К вечеру нас почти прибило к одному из айсбергов. Ледяная гора поднималась над морем как пятнадцатиэтажный дом и тянулась чуть ли не на километр.

Края айсберга обрывались вертикально, и мы могли рассмотреть, что это не единая глыба льда, а спрессованный из многих слоев гигантский ледяной пирог. Никогда в жизни ни одному из нас не приходилось так близко видеть айсберг. Катер был просто мошкой по сравнению с ним. А ведь над водой торчала только малая часть айсберга. Все остальное было скрыто под водой, подобно могучему корню.

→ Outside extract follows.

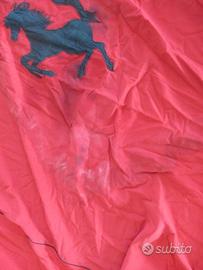 N. 1 telo copriauto rosso doppio specchio con stemma "Cavallino" per Ferrari Testarossa con evidenti rotture come da foto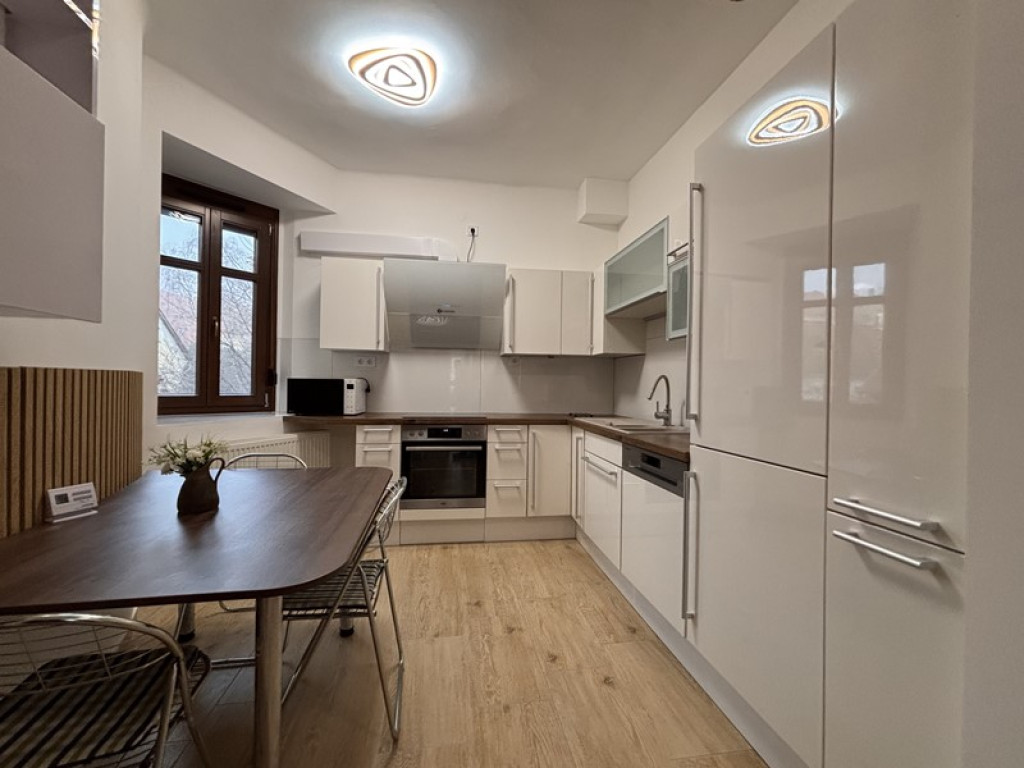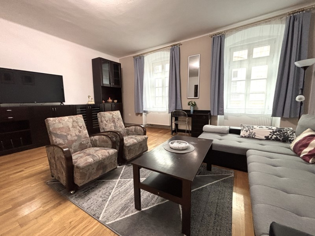 Pécs Belvárosában, a Ferencesek utcájában első emeleti, összesen 75 nm alapterületű, konyha - étkező, hatalmas nappali + 1 külön nyíló hálószobás, igényesen berendezett, exclusive, polgári téglalakás kiadó.

— Ну и силища! — восхищался Юрка, разглядывая ледяную гору.

— Силища! — согласился я. — Только швырнет нашу посудину об эту ледяную гору — и поминай как звали.

Я не думал в тот миг, что мои слова окажутся пророческими. Мы были уверены, что завтра, ну, на худой конец, послезавтра нас обязательно разыщет самолет.

Со спокойной душой мы залегли спать в свою «берлогу»-кубрик.

* * *

Среди ночи неожиданно раздался какой-то странный и жуткий звук, от которого у меня по коже пробежали мурашки. Этот звук был похож на треск отдираемой от катера обшивки.

Не успев вскочить на ноги, я врезался головой в переборку. Перед глазами пошли разноцветные круги, вращаясь все быстрее и быстрее. Тело пронзила острая боль. Что было дальше — я не помню…

Я очнулся от холода, попытался открыть глаза, но не смог это сделать сразу, потому что смерзлись ресницы. На голове я нащупал небольшую рану, а правая щека была глубоко рассечена. Кровь запеклась, и малейшее движение приносило боль. В голове звенело.